ABC submission to Joint Intelligence Committee will highlight outdated laws

The police raids on the ABC “were an extraordinary act,” according to the national broadcaster’s Managing Director David Anderson.
Anderson was in Canberra preparing to lodge a submission to the Joint Intelligence Committee and unexpectedly joined a group of Friends of the ABC and ABC Alumni in the Parliament House Theatre to hear Andrew Wilkie and other MPs speak about the importance of free media.
In comments after the MPs spoke, Anderson said the national broadcaster “needs support in getting the public to understand” how important it is for Australia to have free and independent media.
“We believe in national security, they do a good job in protecting us, but Australia needs to strike a balance between that and the public’s right to know,” said Anderson.
This week the ABC will be putting in a submission detailing what changes it thinks are required to federal legislation to ensure media freedom.
“Such as the 1914 crimes act under which the warrant was issued… [the Act goes back to] 1914, before the ABC existed…

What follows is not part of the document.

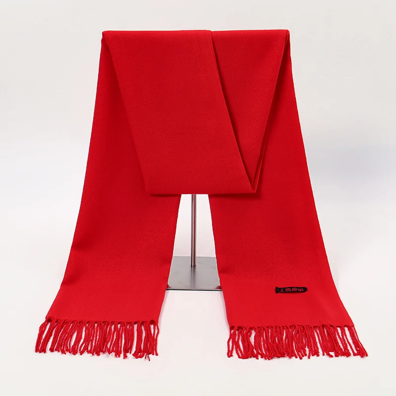 Женский зимний красный шарф, уличный теплый шарф из пашмины, модный угловой маркер, тесьма, толстый глушитель, длинная шаль для банкетной вечеринки

“They also used the criminal code of the receipt of stolen good… there’s a patchwork of amendments that need to be made here… otherwise you can [do] whatever you like” to journalists, he said.
Steve Ahern was there for radioinfo and captured the comments, which you can watch below.

ABC Friends’ national president Margaret Reynolds, who organized the event in Parliament House along with Victorian president Ranald McDonald, said the raids on the ABC and The Australian’s journalist Annika Smethurst are “very disturbing for democracy in Australia.”
She told radioinfo her inbox has been clogged with emails of support for the ABC Friends’ campaign for media freedom and independent media. Ministers and backbenchers offices have been inundated by tens of thousands of emails from ordinary Australians outraged by the assault on media freedom, according to Reynolds. “We will continue to defend the ABC and media freedom,” she said.